**WORK TO BE COMPLETED**
Only the pictures are to be dropped; the rest of the data below is to be duplicated exactly.

□ □ □

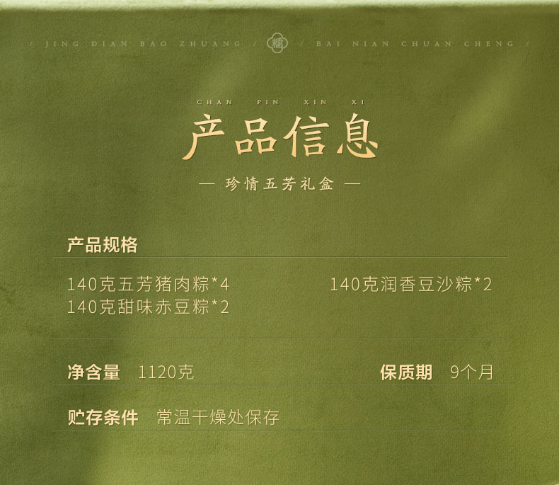 【产品介绍】五芳斋珍情五芳粽子礼盒1120g
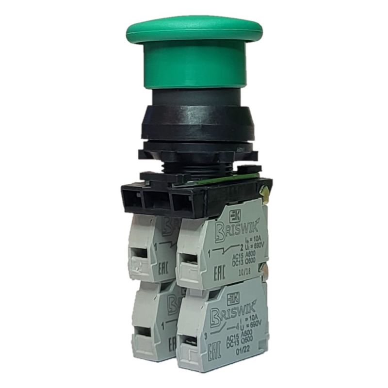 Выключатель Briswik КЕ 022/8м зеленый 1но+2нз Гриб IP40 УХЛ3 10А | код aZ-HB-0Ai-0333 | Briswik
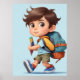 A curious and imaginative comic boy who loves learning and discovery. With bright eyes, he is dressed comfortably and ready to explore the world. Carrying a backpack filled with books, he is ready for adventures and exploration.
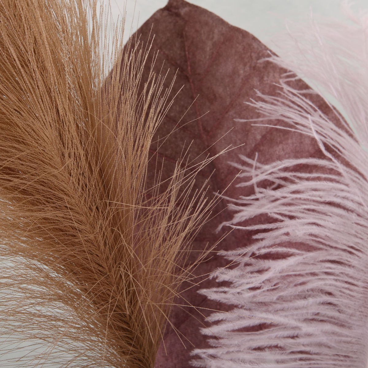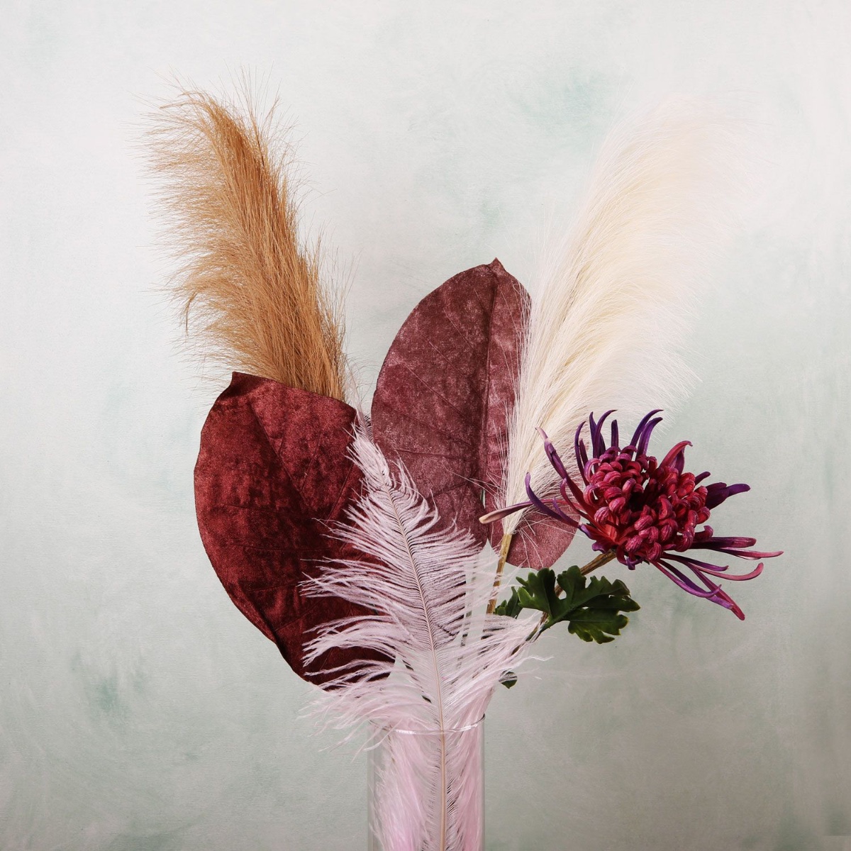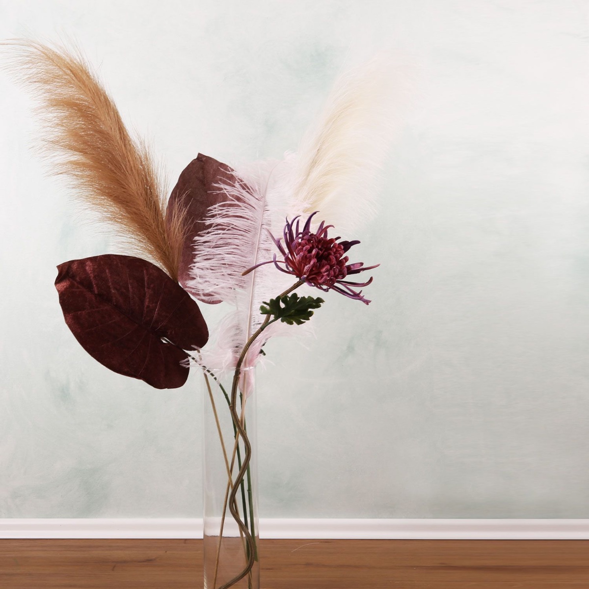 Pelliccia e velluto! L'estate è finalmente finita e le giornate buie stanno cambiando il nostro umore. Le serate a casa si rallegrano con una tazza di tè o di cioccolata calda e si osservano le foglie d'autunno cadere. Questo look autunnale crea un'atmosfera accogliente nel vostro salotto. Foglie vellutate, erba stipa e vere piume di struzzo sono così morbide che viene voglia di accoccolarsi accanto a loro. Ma un crisantemo viola vi fermerà. Acquista il look!
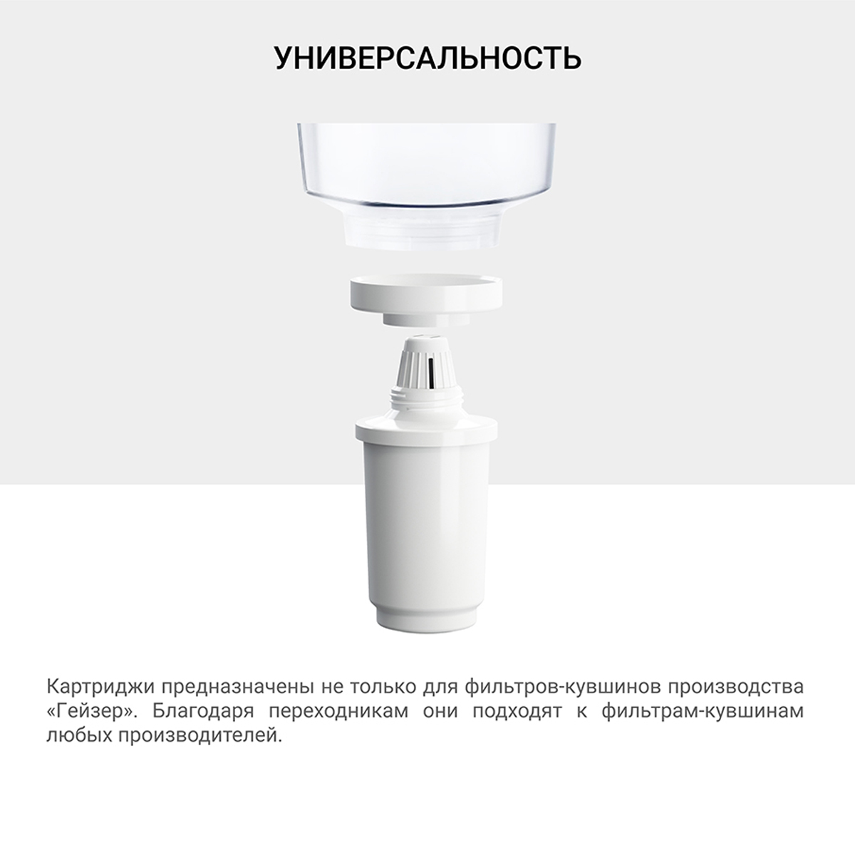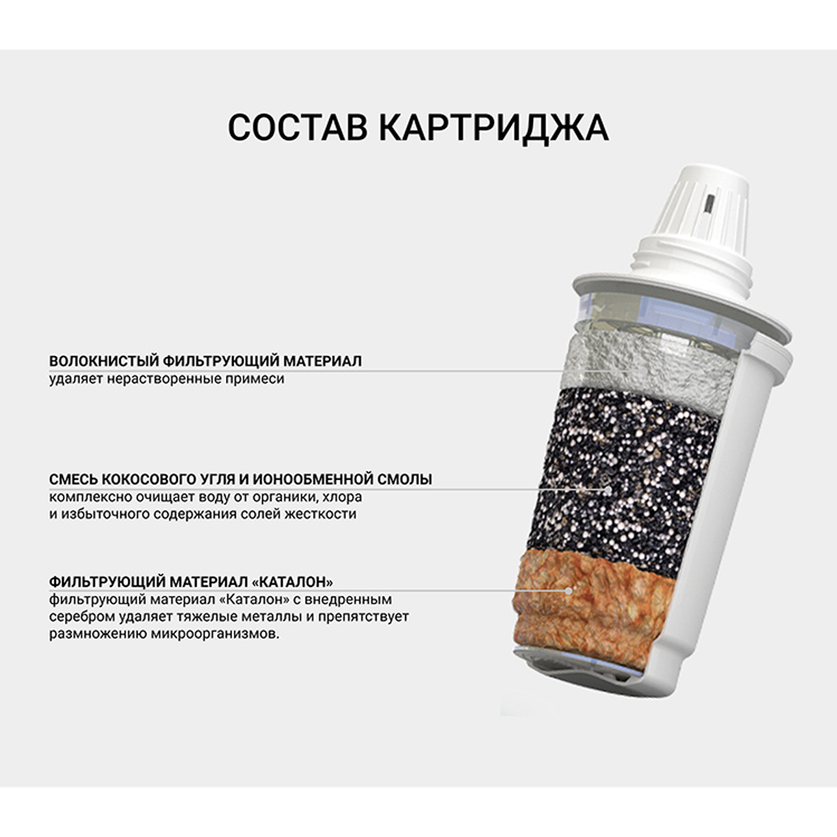 Сменные картриджи имеют одинаковые присоединительные размеры, взаимозаменяемы и могут устанавливаться в любой фильтр-кувшин Гейзер (а с использованием переходников – в кувшины других производителей).Картридж 302 для жесткой воды имеет пять степеней очисткиМатериал Каталон удаляет железо, тяжелые металлы, органические и хлорорганические соединенияИонообменная смола для снижения жесткости водыВысококачественный кокосовый уголь удаляет хлор, органические и хлорорганические соединения; устраняет неприятные запахи и привкусы водыСеребро в металлической несмываемой форме для подавления жизнедеятельности болезнетворных бактерийМеханический постфильтр предотвращает вынос фильтрующих материалов в очищенную воду.Набор сменных фильтрующих картриджей (2 шт) для фильтров-кувшинов Гейзер 302 для жесткой воды . Основой модуля является разработанный и запатентованный волокнистый материал Каталон, который очищает воду от всех известных загрязнений водопроводной воды, снижает жесткость, улучшает вкус воды. Фильтрующий модуль имеет пять ступеней очистки: Материал Каталон удаляет железо, тяжелые металлы, органические и хлорорганические соединения, задерживаетвирусыИонообменная смола - удаление растворенных примесейВысококачественный кокосовый уголь удаляет хлор, органические и хлорорганические соединения; устраняет неприятные запахи и привкусы водыСеребро в металлической несмываемой форме подавляет жизнедеятельности болезнетворных бактерийМеханический постфильтр предотвращает вынос фильтрующих материалов в очищенную воду.Температура очищаемой воды не более 40°СРекомендуемый срок службы 3 месяцаРесурс 250 л.Температура воды: для холодной водыТип воды: жесткая
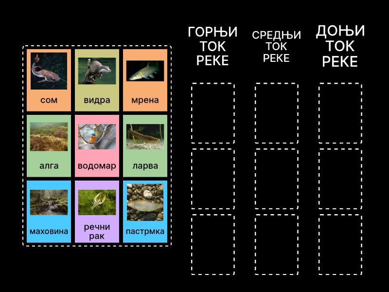ГОРЊИ ТОК РЕКЕ: пастрмка, маховина, водомар, СРЕДЊИ ТОК РЕКЕ: ларва, мрена, видра, ДОЊИ ТОК РЕКЕ: алга, речни рак, сом,

□ □ □

**REPLY TO THE TASK**
 【产品介绍】五芳斋珍情五芳粽子礼盒1120g
 Выключатель Briswik КЕ 022/8м зеленый 1но+2нз Гриб IP40 УХЛ3 10А | код aZ-HB-0Ai-0333 | Briswik
 A curious and imaginative comic boy who loves learning and discovery. With bright eyes, he is dressed comfortably and ready to explore the world. Carrying a backpack filled with books, he is ready for adventures and exploration.
 Pelliccia e velluto! L'estate è finalmente finita e le giornate buie stanno cambiando il nostro umore. Le serate a casa si rallegrano con una tazza di tè o di cioccolata calda e si osservano le foglie d'autunno cadere. Questo look autunnale crea un'atmosfera accogliente nel vostro salotto. Foglie vellutate, erba stipa e vere piume di struzzo sono così morbide che viene voglia di accoccolarsi accanto a loro. Ma un crisantemo viola vi fermerà. Acquista il look!
 Сменные картриджи имеют одинаковые присоединительные размеры, взаимозаменяемы и могут устанавливаться в любой фильтр-кувшин Гейзер (а с использованием переходников – в кувшины других производителей).Картридж 302 для жесткой воды имеет пять степеней очисткиМатериал Каталон удаляет железо, тяжелые металлы, органические и хлорорганические соединенияИонообменная смола для снижения жесткости водыВысококачественный кокосовый уголь удаляет хлор, органические и хлорорганические соединения; устраняет неприятные запахи и привкусы водыСеребро в металлической несмываемой форме для подавления жизнедеятельности болезнетворных бактерийМеханический постфильтр предотвращает вынос фильтрующих материалов в очищенную воду.Набор сменных фильтрующих картриджей (2 шт) для фильтров-кувшинов Гейзер 302 для жесткой воды . Основой модуля является разработанный и запатентованный волокнистый материал Каталон, который очищает воду от всех известных загрязнений водопроводной воды, снижает жесткость, улучшает вкус воды. Фильтрующий модуль имеет пять ступеней очистки: Материал Каталон удаляет железо, тяжелые металлы, органические и хлорорганические соединения, задерживаетвирусыИонообменная смола - удаление растворенных примесейВысококачественный кокосовый уголь удаляет хлор, органические и хлорорганические соединения; устраняет неприятные запахи и привкусы водыСеребро в металлической несмываемой форме подавляет жизнедеятельности болезнетворных бактерийМеханический постфильтр предотвращает вынос фильтрующих материалов в очищенную воду.Температура очищаемой воды не более 40°СРекомендуемый срок службы 3 месяцаРесурс 250 л.Температура воды: для холодной водыТип воды: жесткая
ГОРЊИ ТОК РЕКЕ: пастрмка, маховина, водомар, СРЕДЊИ ТОК РЕКЕ: ларва, мрена, видра, ДОЊИ ТОК РЕКЕ: алга, речни рак, сом,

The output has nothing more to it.